- Genre: Reality
- Starring: Bristol Palin
- Country of origin: United States
- Original language: English
- No. of seasons: 1
- No. of episodes: 14

Production
- Executive producers: David Martin David McKenzie Gena McCarthy Jim Romanovich Matt Lutz Noah Pollack Rob Sharenow Robyn Schnieders
- Running time: 22 minutes
- Production company: Associated Television International

Original release
- Network: Lifetime
- Release: June 19 – July 31, 2012

= Bristol Palin: Life's a Tripp =

American reality television series

Bristol Palin: Life's a Tripp is an American reality television series that premiered on Lifetime. The series, featuring Bristol Palin, debuted on June 19, 2012.

==Premise==
The series follows the day-to-day life of Bristol Palin as she adjusts to life in Alaska after temporarily residing in California.

==Episodes==

| No. | Title | Original release date | US viewers (millions) |
|---|---|---|---|
| 1 | "Spreading My Wings" | June 19, 2012 | 0.726 |
| 2 | "From Bad to Worse" | June 19, 2012 | 0.726 |
| 3 | "Bristol, a Book, and the Beach" | June 26, 2012 | 0.586 |
| 4 | "Baby Daddy Dilemma (FKA The Levi Blues. Back in Alaska)" | June 26, 2012 | 0.426 |
| 5 | "Ms. Palin Goes to Washington" | July 3, 2012 | N/A |
| 6 | "Sarah's Surprise" | July 3, 2012 | N/A |
| 7 | "Valen-Times" | July 10, 2012 | N/A |
| 8 | "Reindeer Games" | July 10, 2012 | N/A |
| 9 | "Cabin Fever" | July 17, 2012 | N/A |
| 10 | "New Beginnings" | July 17, 2012 | N/A |
| 11 | "Bearizona" | July 24, 2012 | N/A |
| 12 | "Kicked to the Curb" | July 24, 2012 | N/A |
| 13 | "The Bet (Mom's the Word)" | July 31, 2012 | N/A |
| 14 | "The Ring Bear-er" | July 31, 2012 | N/A |

==Reception==
The pilot episode of Palin's series had an estimated 726,000 viewers, with a rating of 0.2 percent among adults aged 18–49. After performing even worse the second week, Lifetime decided to move the show from its original primetime slot, at 10:00 p.m., to an hour later, and to show repeats of the series Dance Moms at 10:00 p.m.
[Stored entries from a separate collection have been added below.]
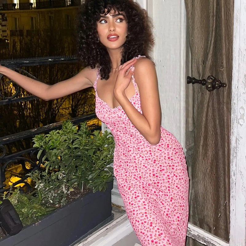 New summer fresh floral print deep V tight fashion sling bag hip dress
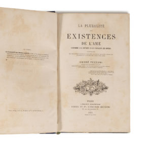 PEZZANI (André). La Pluralité des existences de l'âme conforme à la doctrine de la pluralité des mondes [...]. Paris, Didier et Cie, 1865. In-8, demi-percaline bleu (reliure de l'époque). Rousseurs.
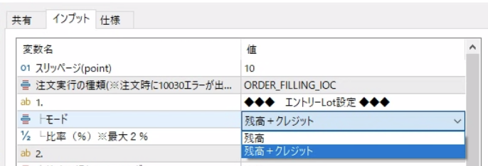 このことを受け、Lot設定のデフォルトを「残高+クレジット」へ変更します。
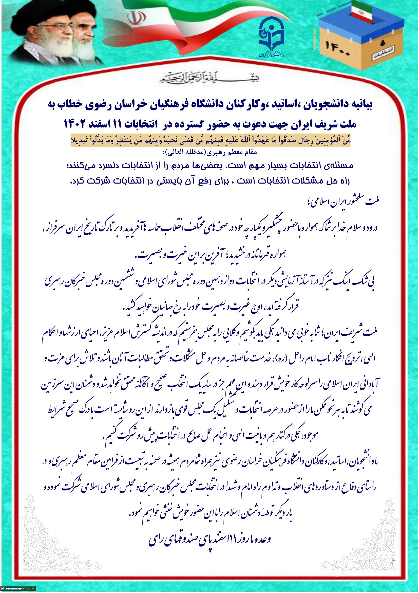 بیانیه دانشجویان ،اساتید ،وکارکنان دانشگاه فرهنگیان خراسان رضوی خطاب به ملت شریف ایران جهت دعوت به حضور گسترده در انتخابات ۱۱ اسفند ۱۴۰۲ 3

Palin's series has received mostly negative reviews, with Entertainment Weekly calling it a "weird, miserable reality show." San Francisco Chronicles David Wiegand said, "She's just not that interesting." Times James Poniewozik has called the show "misguided" and commented that it fails to show Palin as a struggling young mother as she is seen at boutiques, Starbucks, and at bars. The Washington Posts Hank Stuever said everything in Palin's show "reeks of reality TV tropes: The massive SUVs Bristol cruises around in, the insipid boutiques where she shops, her Beverly Hills mansion that looks like a Bachelorette set, the blatantly staged conversations, the annoyingly visible microphone packs." He then called the show "maddeningly unreal."

==Lawsuits==
Prior to the show's airing, it had already been the subject of lawsuits. In September 2011, Palin was heckled by Stephen Hanks in a West Hollywood bar while being filmed for the show. When footage of the heated argument was shown on the show's advertisements, Hanks sued Palin for defamation saying he never signed any permission waiver to be shown on television.